INPUT RECORDS →
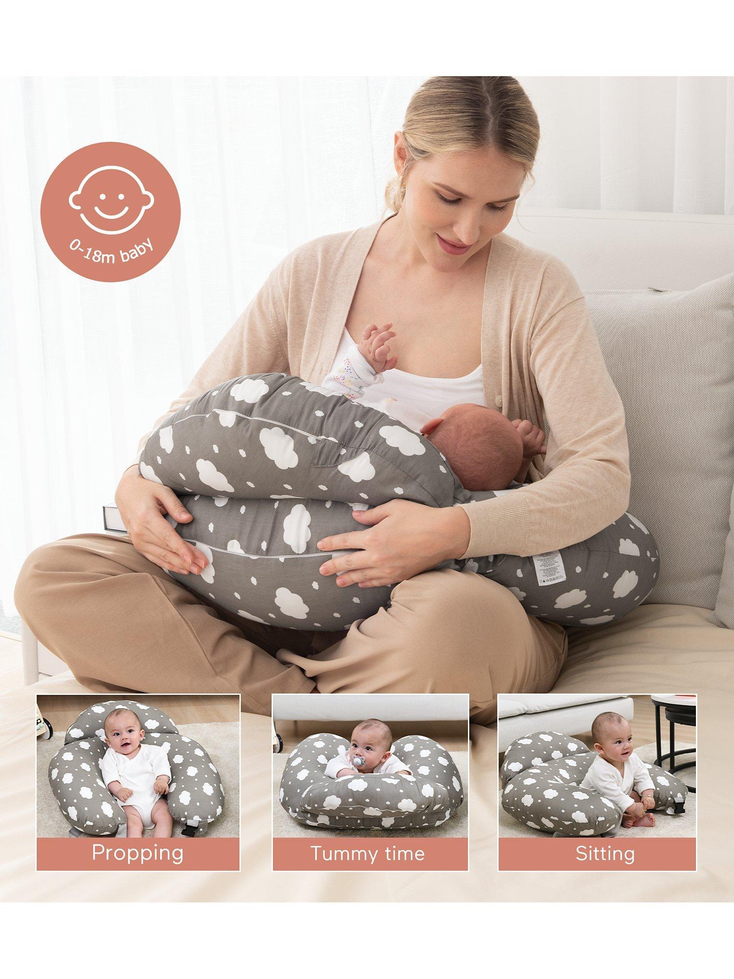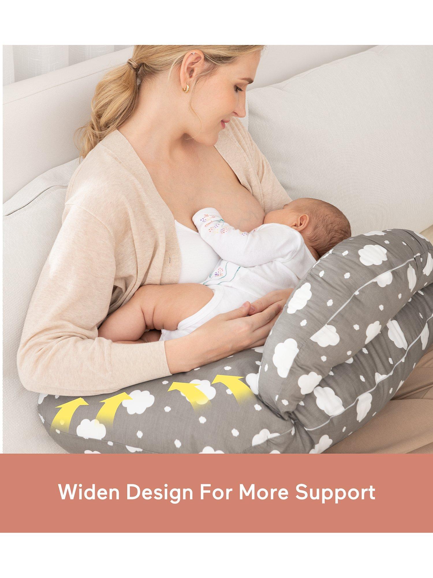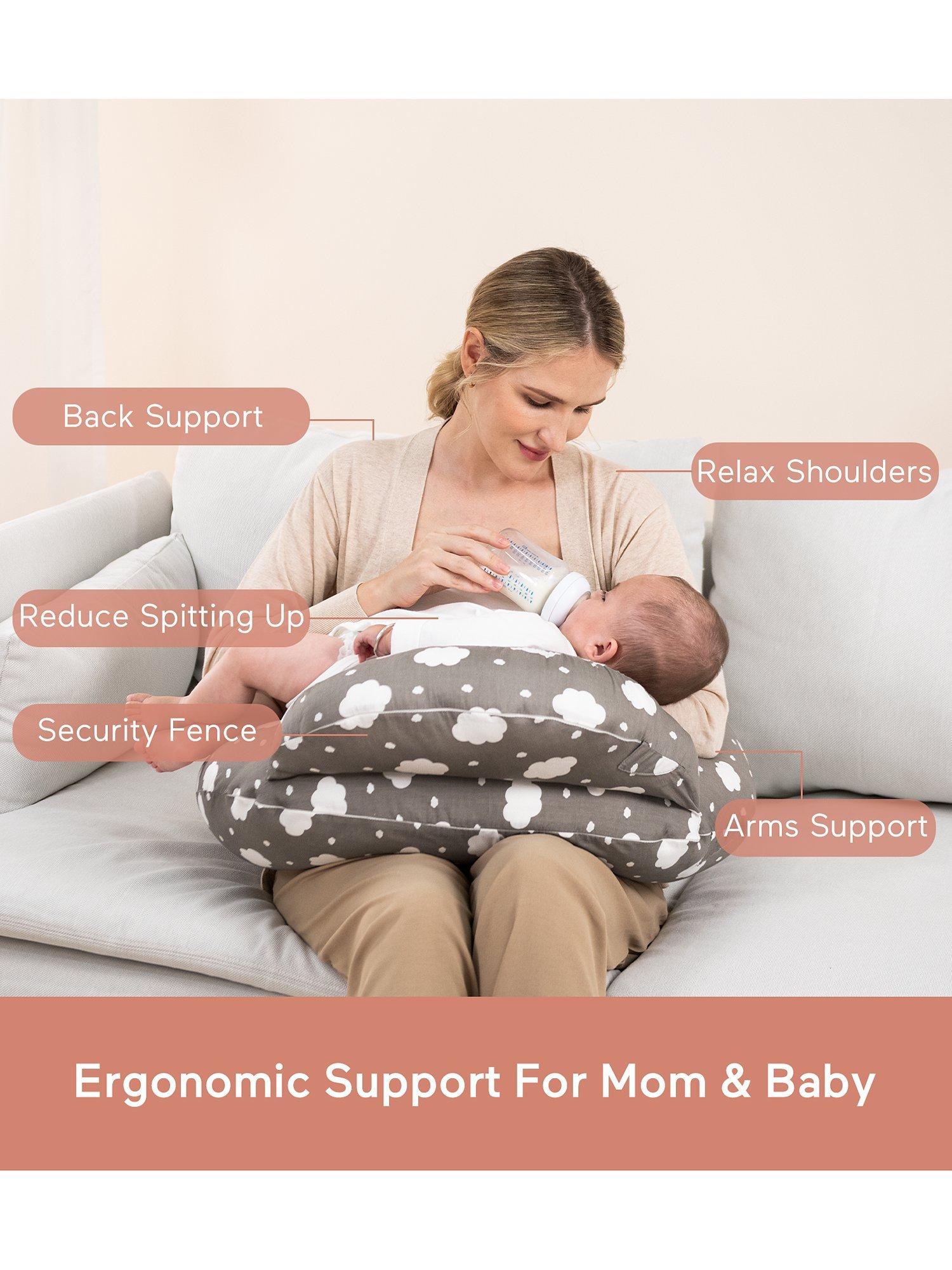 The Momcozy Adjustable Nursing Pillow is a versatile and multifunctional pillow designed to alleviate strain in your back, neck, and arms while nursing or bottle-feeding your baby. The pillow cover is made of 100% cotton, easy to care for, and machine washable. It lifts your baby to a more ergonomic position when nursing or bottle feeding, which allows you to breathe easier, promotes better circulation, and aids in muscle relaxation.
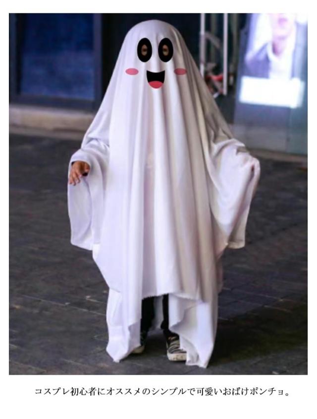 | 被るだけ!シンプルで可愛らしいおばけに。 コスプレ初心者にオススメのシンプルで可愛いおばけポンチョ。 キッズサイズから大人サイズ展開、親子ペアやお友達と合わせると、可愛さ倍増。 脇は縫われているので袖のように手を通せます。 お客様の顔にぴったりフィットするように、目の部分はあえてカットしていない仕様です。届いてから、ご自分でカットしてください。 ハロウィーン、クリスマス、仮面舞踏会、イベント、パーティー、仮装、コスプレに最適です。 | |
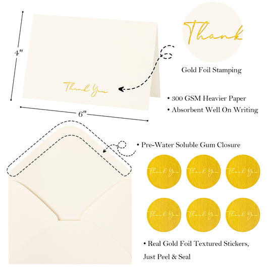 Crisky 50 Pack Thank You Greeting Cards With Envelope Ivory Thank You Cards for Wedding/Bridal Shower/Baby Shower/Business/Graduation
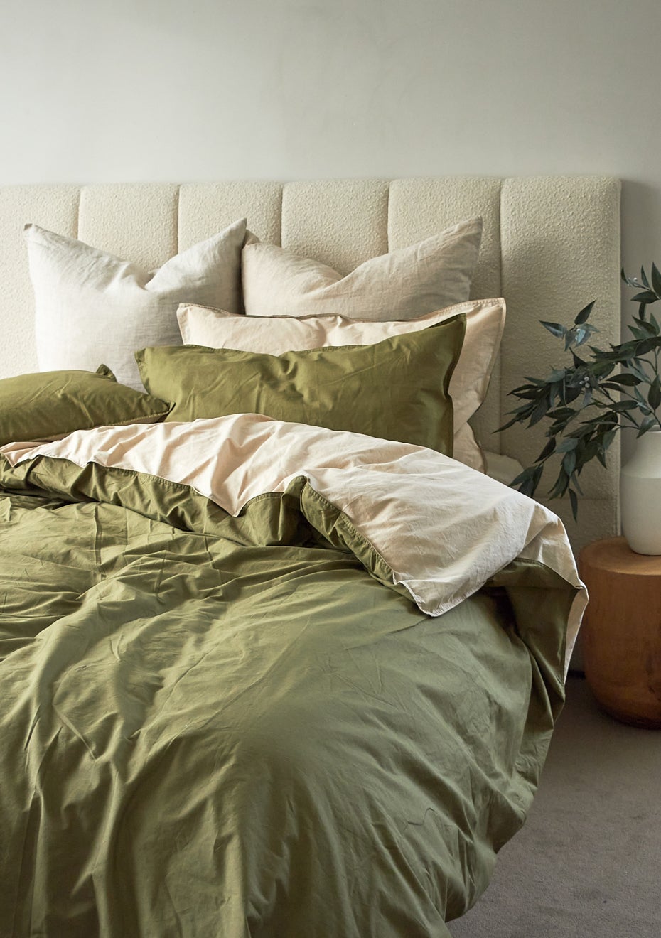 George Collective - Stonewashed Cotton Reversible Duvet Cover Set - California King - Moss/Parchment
* * *
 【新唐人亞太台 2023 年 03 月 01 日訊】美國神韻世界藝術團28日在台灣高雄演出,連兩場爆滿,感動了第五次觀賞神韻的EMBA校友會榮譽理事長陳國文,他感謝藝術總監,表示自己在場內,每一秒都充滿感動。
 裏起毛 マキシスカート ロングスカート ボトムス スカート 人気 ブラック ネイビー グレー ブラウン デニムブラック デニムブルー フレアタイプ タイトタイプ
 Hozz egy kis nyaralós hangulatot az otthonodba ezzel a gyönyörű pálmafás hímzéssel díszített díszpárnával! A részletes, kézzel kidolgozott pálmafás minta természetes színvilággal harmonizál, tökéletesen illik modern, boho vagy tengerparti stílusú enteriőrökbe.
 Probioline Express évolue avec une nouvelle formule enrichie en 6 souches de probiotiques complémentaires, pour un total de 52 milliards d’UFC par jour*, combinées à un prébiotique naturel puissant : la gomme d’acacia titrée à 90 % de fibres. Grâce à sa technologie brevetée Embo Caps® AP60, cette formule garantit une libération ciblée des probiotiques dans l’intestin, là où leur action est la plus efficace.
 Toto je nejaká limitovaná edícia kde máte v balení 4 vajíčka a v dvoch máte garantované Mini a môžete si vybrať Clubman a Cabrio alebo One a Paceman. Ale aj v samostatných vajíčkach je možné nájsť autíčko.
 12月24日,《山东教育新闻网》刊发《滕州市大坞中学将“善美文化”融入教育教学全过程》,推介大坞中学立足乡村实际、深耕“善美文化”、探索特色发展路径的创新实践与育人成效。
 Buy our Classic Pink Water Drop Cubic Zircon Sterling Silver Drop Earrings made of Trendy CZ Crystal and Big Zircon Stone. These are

EXERCISE BRIEF → Pictures aside, print exactly the lines above starting with the one containing "The Momcozy Adjustable" and going on through the one containing "George Collective - Stonewashed".

RESULT OF THIS TASK →
 The Momcozy Adjustable Nursing Pillow is a versatile and multifunctional pillow designed to alleviate strain in your back, neck, and arms while nursing or bottle-feeding your baby. The pillow cover is made of 100% cotton, easy to care for, and machine washable. It lifts your baby to a more ergonomic position when nursing or bottle feeding, which allows you to breathe easier, promotes better circulation, and aids in muscle relaxation.
 | 被るだけ!シンプルで可愛らしいおばけに。 コスプレ初心者にオススメのシンプルで可愛いおばけポンチョ。 キッズサイズから大人サイズ展開、親子ペアやお友達と合わせると、可愛さ倍増。 脇は縫われているので袖のように手を通せます。 お客様の顔にぴったりフィットするように、目の部分はあえてカットしていない仕様です。届いてから、ご自分でカットしてください。 ハロウィーン、クリスマス、仮面舞踏会、イベント、パーティー、仮装、コスプレに最適です。 | |
 Crisky 50 Pack Thank You Greeting Cards With Envelope Ivory Thank You Cards for Wedding/Bridal Shower/Baby Shower/Business/Graduation
 George Collective - Stonewashed Cotton Reversible Duvet Cover Set - California King - Moss/Parchment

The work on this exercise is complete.